*** Opening of Material provided ***

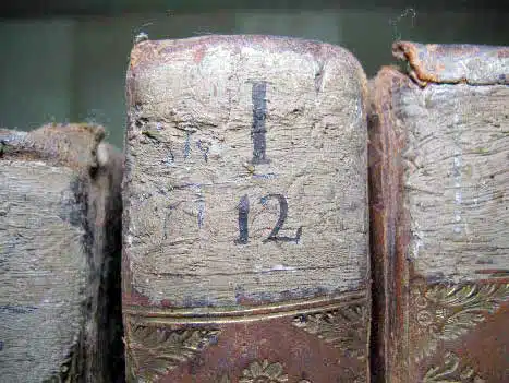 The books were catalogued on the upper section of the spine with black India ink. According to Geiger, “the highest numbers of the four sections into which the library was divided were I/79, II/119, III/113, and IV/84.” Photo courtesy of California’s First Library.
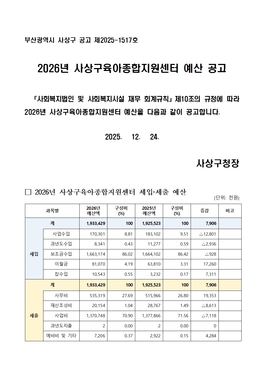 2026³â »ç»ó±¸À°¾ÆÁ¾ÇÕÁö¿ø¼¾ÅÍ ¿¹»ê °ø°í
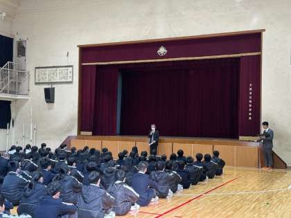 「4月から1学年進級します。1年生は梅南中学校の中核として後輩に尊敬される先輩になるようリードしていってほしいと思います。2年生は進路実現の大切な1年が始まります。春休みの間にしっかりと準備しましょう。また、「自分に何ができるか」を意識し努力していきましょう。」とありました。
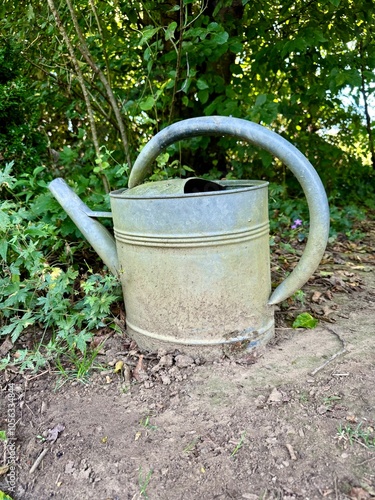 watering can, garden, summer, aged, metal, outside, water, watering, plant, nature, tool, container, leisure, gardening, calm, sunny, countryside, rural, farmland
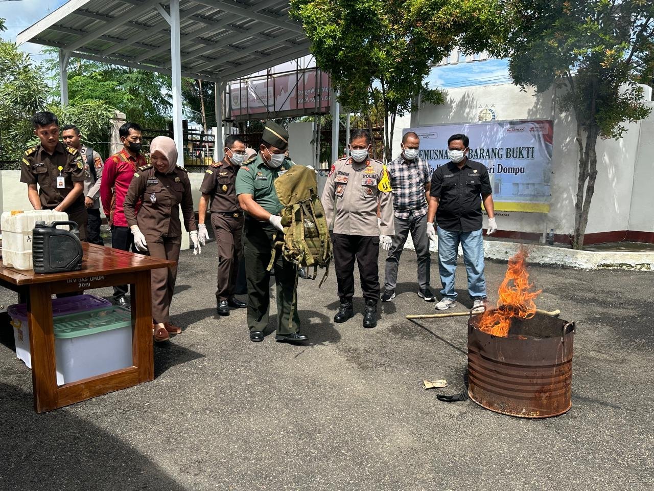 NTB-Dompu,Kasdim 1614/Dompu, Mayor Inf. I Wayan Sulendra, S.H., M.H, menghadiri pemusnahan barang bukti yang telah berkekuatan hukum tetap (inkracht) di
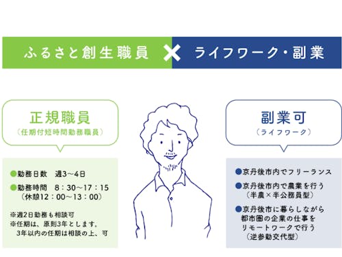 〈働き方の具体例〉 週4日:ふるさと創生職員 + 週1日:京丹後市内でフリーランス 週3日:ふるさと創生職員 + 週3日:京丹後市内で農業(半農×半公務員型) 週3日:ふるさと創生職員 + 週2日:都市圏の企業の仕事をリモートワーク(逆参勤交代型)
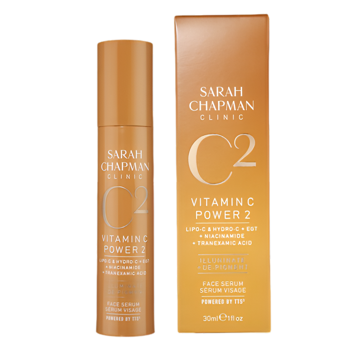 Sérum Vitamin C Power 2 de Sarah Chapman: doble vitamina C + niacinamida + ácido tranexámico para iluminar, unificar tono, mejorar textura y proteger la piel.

*** Close of Material provided ***

Output every entry exactly, leaving out pictures.

The answer:
 The books were catalogued on the upper section of the spine with black India ink. According to Geiger, “the highest numbers of the four sections into which the library was divided were I/79, II/119, III/113, and IV/84.” Photo courtesy of California’s First Library.
 2026³â »ç»ó±¸À°¾ÆÁ¾ÇÕÁö¿ø¼¾ÅÍ ¿¹»ê °ø°í
 「4月から1学年進級します。1年生は梅南中学校の中核として後輩に尊敬される先輩になるようリードしていってほしいと思います。2年生は進路実現の大切な1年が始まります。春休みの間にしっかりと準備しましょう。また、「自分に何ができるか」を意識し努力していきましょう。」とありました。
 watering can, garden, summer, aged, metal, outside, water, watering, plant, nature, tool, container, leisure, gardening, calm, sunny, countryside, rural, farmland
 NTB-Dompu,Kasdim 1614/Dompu, Mayor Inf. I Wayan Sulendra, S.H., M.H, menghadiri pemusnahan barang bukti yang telah berkekuatan hukum tetap (inkracht) di
 〈働き方の具体例〉 週4日:ふるさと創生職員 + 週1日:京丹後市内でフリーランス 週3日:ふるさと創生職員 + 週3日:京丹後市内で農業(半農×半公務員型) 週3日:ふるさと創生職員 + 週2日:都市圏の企業の仕事をリモートワーク(逆参勤交代型)
 Sérum Vitamin C Power 2 de Sarah Chapman: doble vitamina C + niacinamida + ácido tranexámico para iluminar, unificar tono, mejorar textura y proteger la piel.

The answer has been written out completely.